─── ENTRIES PROVIDED

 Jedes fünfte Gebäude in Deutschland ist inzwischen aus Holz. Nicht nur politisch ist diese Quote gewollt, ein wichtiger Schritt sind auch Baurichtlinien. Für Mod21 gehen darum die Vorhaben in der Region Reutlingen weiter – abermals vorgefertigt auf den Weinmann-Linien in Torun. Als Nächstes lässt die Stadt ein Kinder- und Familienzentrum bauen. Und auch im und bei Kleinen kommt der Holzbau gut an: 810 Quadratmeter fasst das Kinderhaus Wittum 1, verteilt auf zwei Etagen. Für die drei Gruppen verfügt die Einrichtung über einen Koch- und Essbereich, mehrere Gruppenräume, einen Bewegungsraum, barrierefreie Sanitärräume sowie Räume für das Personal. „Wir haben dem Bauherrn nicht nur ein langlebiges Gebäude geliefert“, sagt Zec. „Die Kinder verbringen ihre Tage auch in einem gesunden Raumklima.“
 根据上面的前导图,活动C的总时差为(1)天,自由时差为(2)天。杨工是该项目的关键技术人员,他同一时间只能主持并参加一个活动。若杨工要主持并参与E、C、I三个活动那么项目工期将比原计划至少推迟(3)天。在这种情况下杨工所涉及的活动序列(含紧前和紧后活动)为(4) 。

──────
─── ENTRIES PROVIDED

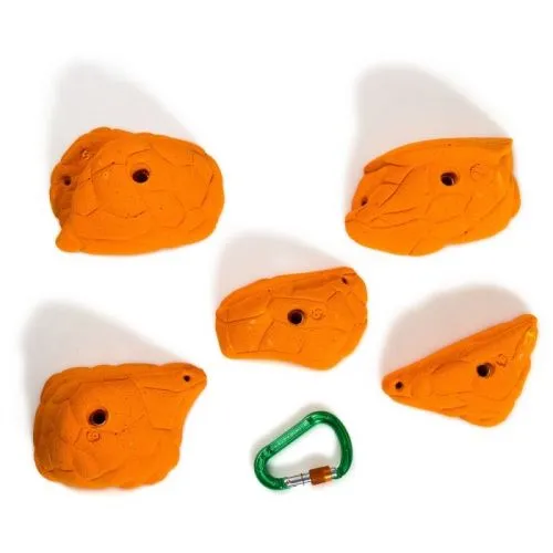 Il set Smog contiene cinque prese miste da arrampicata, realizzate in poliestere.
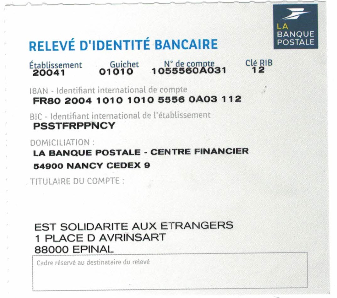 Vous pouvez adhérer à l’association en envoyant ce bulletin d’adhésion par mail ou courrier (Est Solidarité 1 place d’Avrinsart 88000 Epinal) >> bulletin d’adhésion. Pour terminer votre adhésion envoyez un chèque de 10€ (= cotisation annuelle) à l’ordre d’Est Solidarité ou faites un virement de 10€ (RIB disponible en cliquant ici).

──────

**TASK STATEMENT**
Only one stretch of the entries above is wanted: the lines from the one containing "Jedes fünfte Gebäude" through the one containing "根据上面的前导图,活动C的总". Please reproduce it exactly.

**RESULT**
 Jedes fünfte Gebäude in Deutschland ist inzwischen aus Holz. Nicht nur politisch ist diese Quote gewollt, ein wichtiger Schritt sind auch Baurichtlinien. Für Mod21 gehen darum die Vorhaben in der Region Reutlingen weiter – abermals vorgefertigt auf den Weinmann-Linien in Torun. Als Nächstes lässt die Stadt ein Kinder- und Familienzentrum bauen. Und auch im und bei Kleinen kommt der Holzbau gut an: 810 Quadratmeter fasst das Kinderhaus Wittum 1, verteilt auf zwei Etagen. Für die drei Gruppen verfügt die Einrichtung über einen Koch- und Essbereich, mehrere Gruppenräume, einen Bewegungsraum, barrierefreie Sanitärräume sowie Räume für das Personal. „Wir haben dem Bauherrn nicht nur ein langlebiges Gebäude geliefert“, sagt Zec. „Die Kinder verbringen ihre Tage auch in einem gesunden Raumklima.“
 根据上面的前导图,活动C的总时差为(1)天,自由时差为(2)天。杨工是该项目的关键技术人员,他同一时间只能主持并参加一个活动。若杨工要主持并参与E、C、I三个活动那么项目工期将比原计划至少推迟(3)天。在这种情况下杨工所涉及的活动序列(含紧前和紧后活动)为(4) 。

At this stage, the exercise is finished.